If I were sitting in a mountain-top lair, twirling my moustaches and cackling evilly, I don’t think I could devise an environment more conducive to financial crime than the UK in late 2020.  Put to one side the spinelessness of our government as its leaders line their pockets, promote their friends and ennoble their backers.  Ignore if you will the incredulous reactions of other jurisdictions as we berate them for lack of transparency while we hobble our own beneficial ownership register.  No, the topic which has given me today’s leg-up onto my high horse is freeports.

It may surprise you to learn that I am a financial simpleton.  I work, I earn money, I fill in a tax return and I pay what I’m told to pay.  My most thrilling financial adventure of recent months was buying some premium bonds.  As a consequence, I tend to go back to basics when confronted with a financial innovation.  If someone suggests to me, for instance, carving off a bit of land from a country and giving it a different financial status so that people can move stuff through that bit of land without having to comply with the law of the land to which it is attached and belongs and is governed by for all other purposes, I wonder what’s up.  Sure, I can see the benefits for the importers and exporters – they’ll make more money.  And they’ll like the government of the country which has carved out this special bit of land for giving them that extra money for doing nothing at all.  There’ll be a few jobs in the carved-off bit, but how does it help the country beyond that?  Not at all. On the contrary, I think it makes it appear suspicious in the eyes of countries that have not carved off bits of themselves and pretended that they are somehow different and exempt.

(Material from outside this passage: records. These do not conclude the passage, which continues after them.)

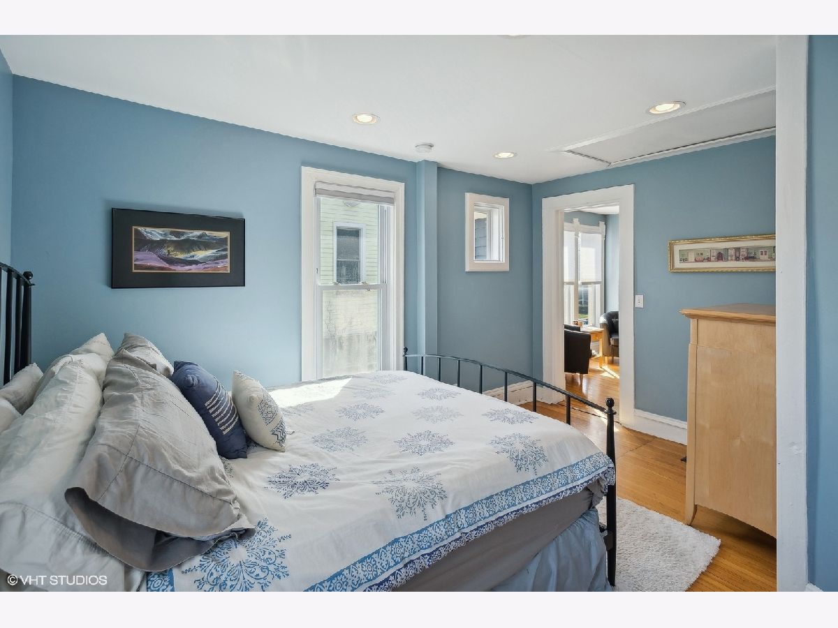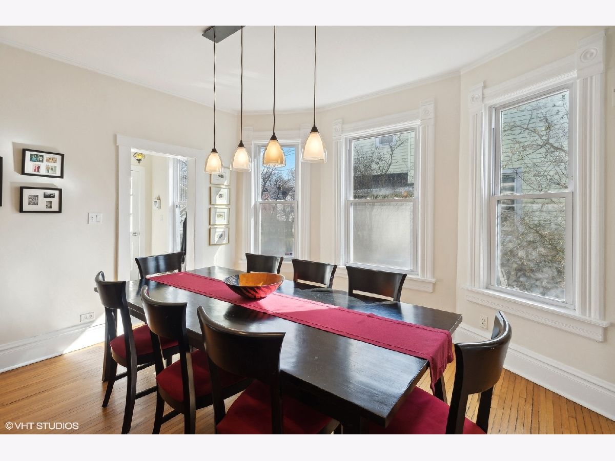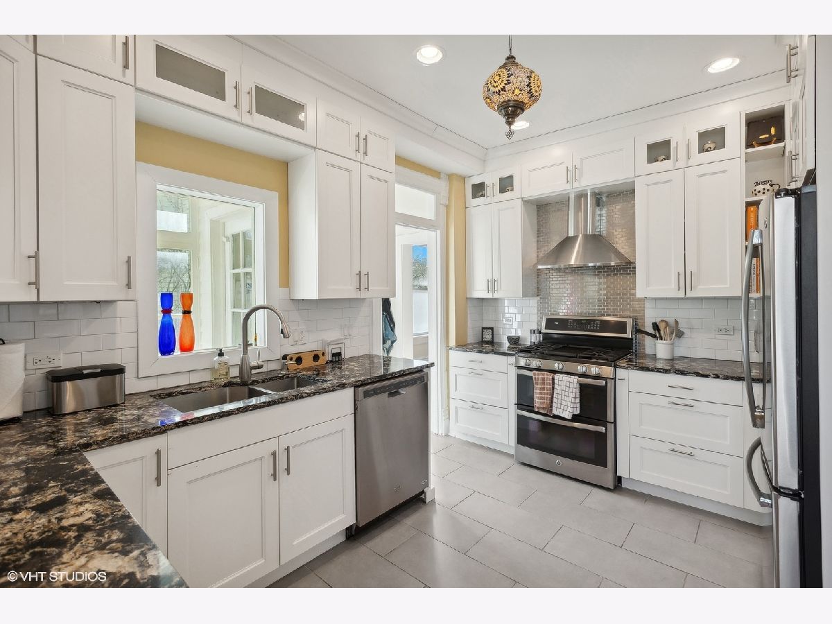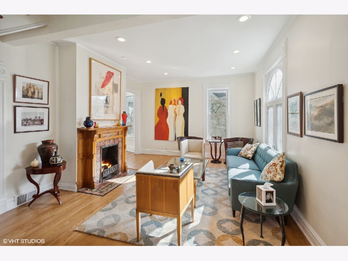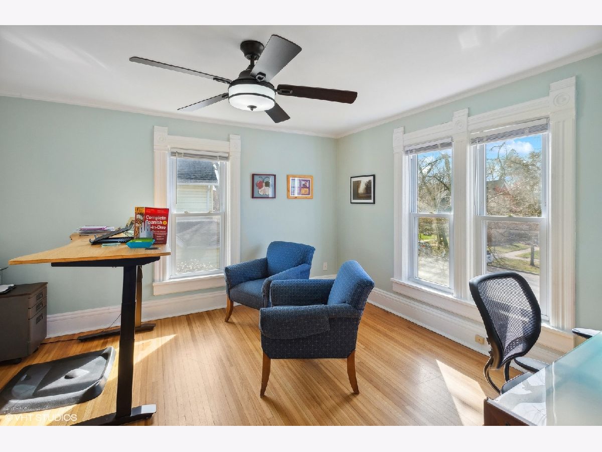 Charming 4-bedroom, 2-bathroom home boasting a blend of modern updates and original Victorian features. Bright and spacious interior includes a stylishly renovated kitchen and baths, complemented by timeless Victorian elements. The first floor showcases a cozy living room with an elegant Victorian fireplace, a separate dining room featuring delightful bow windows, a private bedroom with a newer bath, and a modern kitchen updated in 2017. Upstairs, the generously sized bedrooms bask in natural light, with the primary bedroom featuring a walk-in dressing room, ideal for an office or nursery. Recent upgrades encompass a newer hall bath, recessed lighting throughout, a furnace installed in 2020, and newer windows. The lower level space has lots of storage and a rec room for watching TV, playing or just hanging out. Outside, an expansive backyard offers a charming brick patio installed in 2017, alongside a convenient two-car garage. New sewer line to the street in 2012. Situated just a short stroll from public transportation, shopping, esteemed schools, and the Robert Crown Community Center.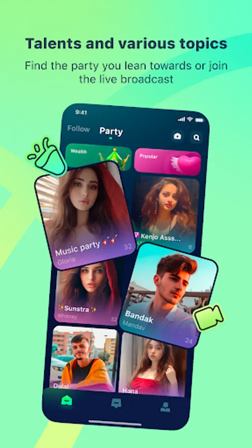 Sing along, engage in thrilling PK battles, and explore our numerous fun voice rooms with your friends. It's time for a virtual party!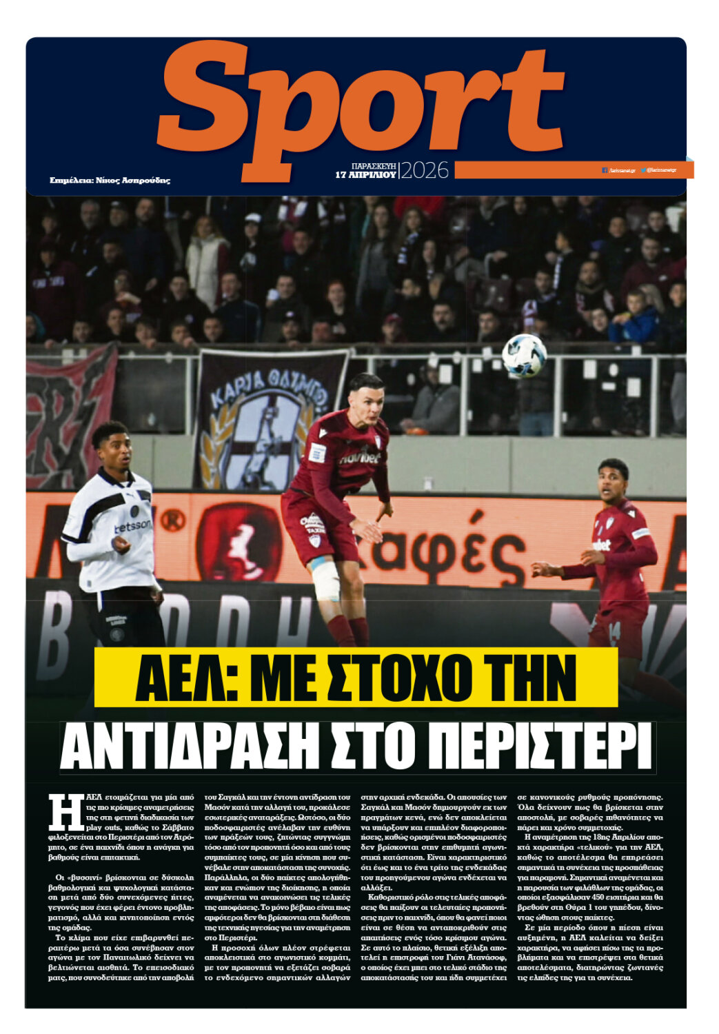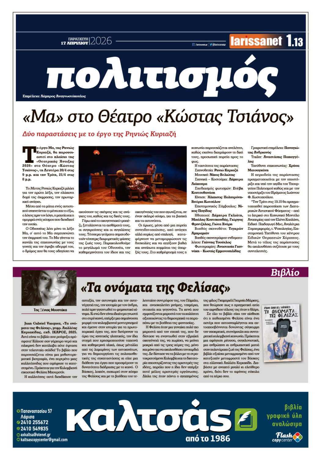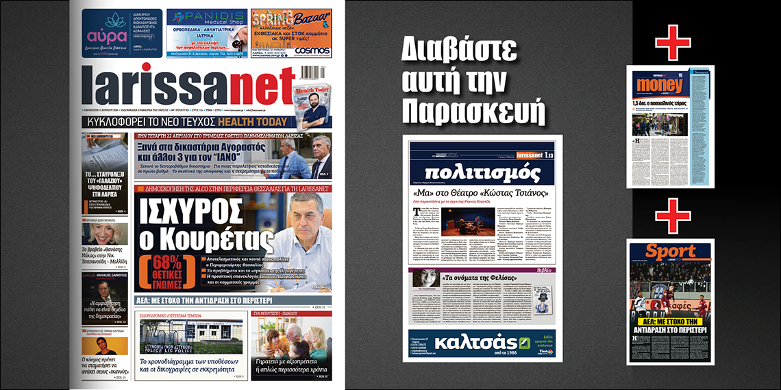 Ρεπορτάζ, άρθρα, συνεντεύξεις και όλο το παρασκήνιο της εβδομάδας στο νέο φύλλο της larissanet.

But my opinion is neither here nor there.  What matters is the opinions and plans of those in charge.  And recently HMG has announced its plans to “turbo-charge post-Brexit trade” through the introduction of ten freeports, some of them to be open for business by the end of 2021.  This response marks the end of the consultation process, with the next step being the launch of the bidding process for potential freeports to apply for this status.  It’s full steam ahead, apparently, with “a package of tax reliefs on investment by businesses within Freeport tax sites [and] new measures to speed up planning processes to accelerate development in and around Freeports”.  As for concerns about “illicit activity”, apparently there was a mixed response in the consultation: “A majority of non-governmental organisations believed the risk of illicit activity in Freeports was high or very high.  However, some respondents, notably port operators, felt that the risk of illicit activity was low or very low.”  Well, colour me surprised.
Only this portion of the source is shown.